При всем том, отпуская Федора, назиданье сделал:
– А книжек-то больно много не чти, а то во ереси впадешь…
Ереси? То-то послушал бы Степан Иваныч, какие сюжеты обсуживают в Модельном доме и там, за Москвой-рекой, в Садовническом.
Московский бунт потряс душу. Баженов сокрушался: «Простолюдин подобен вепрю». Каржавин не спорил: «Кровавые нелепости». Тем и исчерпывалось согласие. Не потому лишь, что Каржавина восхищала отвага и удаль простонародья в яростной схватке на Красной площади, восхищал Герасим – Кобыла: «На штыки – грудью!» Нет, обнаружился водораздел. И размышления, как потоки, берущие начало на горном кряже, устремились в разные стороны.

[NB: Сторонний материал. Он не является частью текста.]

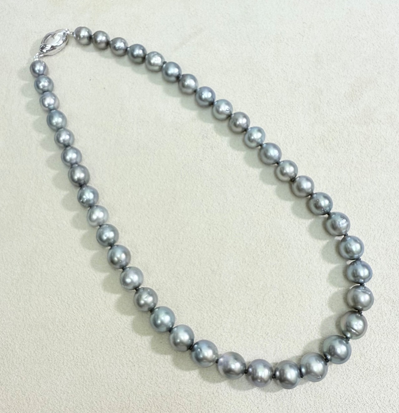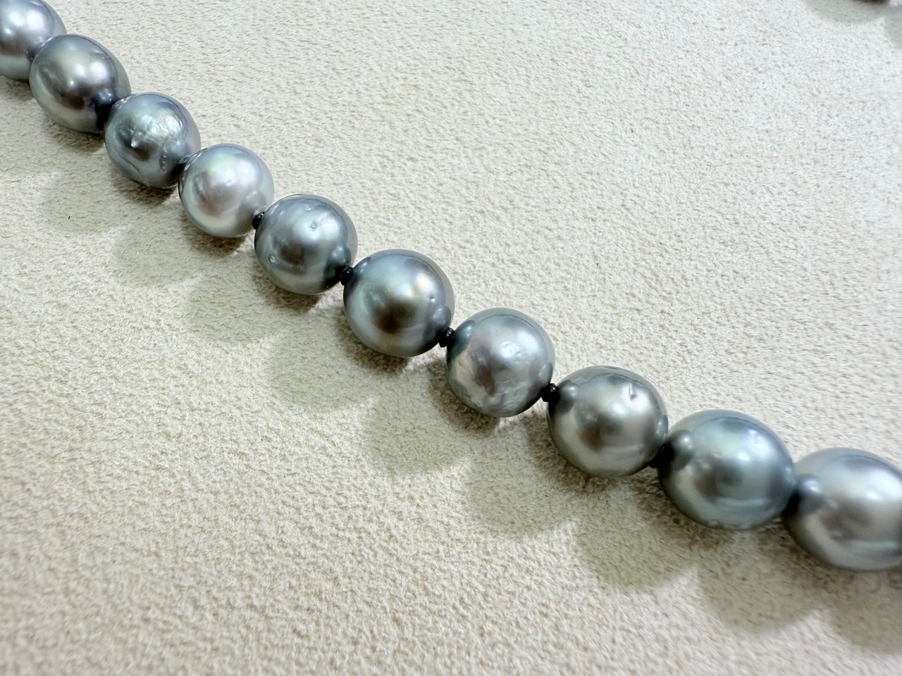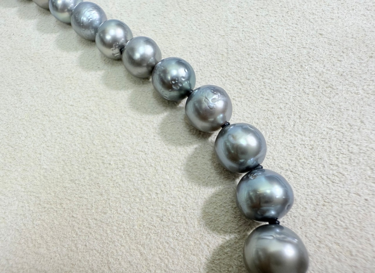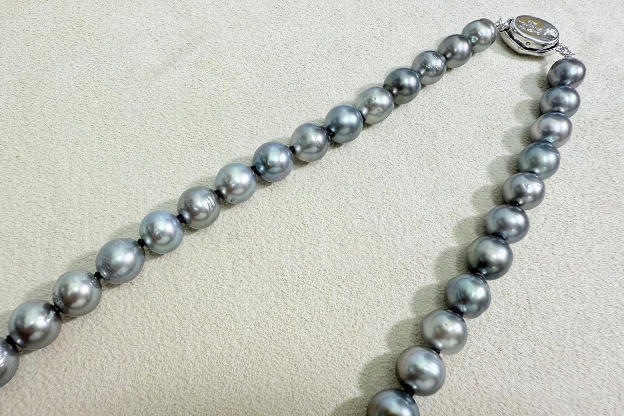 グレー系の色合いの黒蝶真珠ネックレスです。

Зодчий, созидающий зримое, как бы изнемогал под властью рационализма. И помышлял о созидании незримого Соломонова храма в душе своей. Каменных дел мастер тянулся к вольным каменщикам. Сущность масонства усматривал не в обрядности и даже не в филантропии. Полагал так: фундамент человеческого братства закладывается по кирпичику; общая гармония произрастет из гармоний «я», из гармоний личностей; начинай не призывом ко всем, начинай призывом к своему сердцу, живи жизнью духа, день без нее не имеет солнца, а ночь – звезд.
Каржавина рационализм не тяготил. День не имеет солнца, ибо солнце в тучах рабства. Ночь не имеет звезд, ибо звезды застит невежество. Рабство и невежество – сообщающиеся сосуды. Упразднив первое, упразднишь второе. Воспаряя в сферы духа, спускайся на грешную землю. Грешной земле нужны решительные перемены. Такие, чтобы заложили фундамент братства.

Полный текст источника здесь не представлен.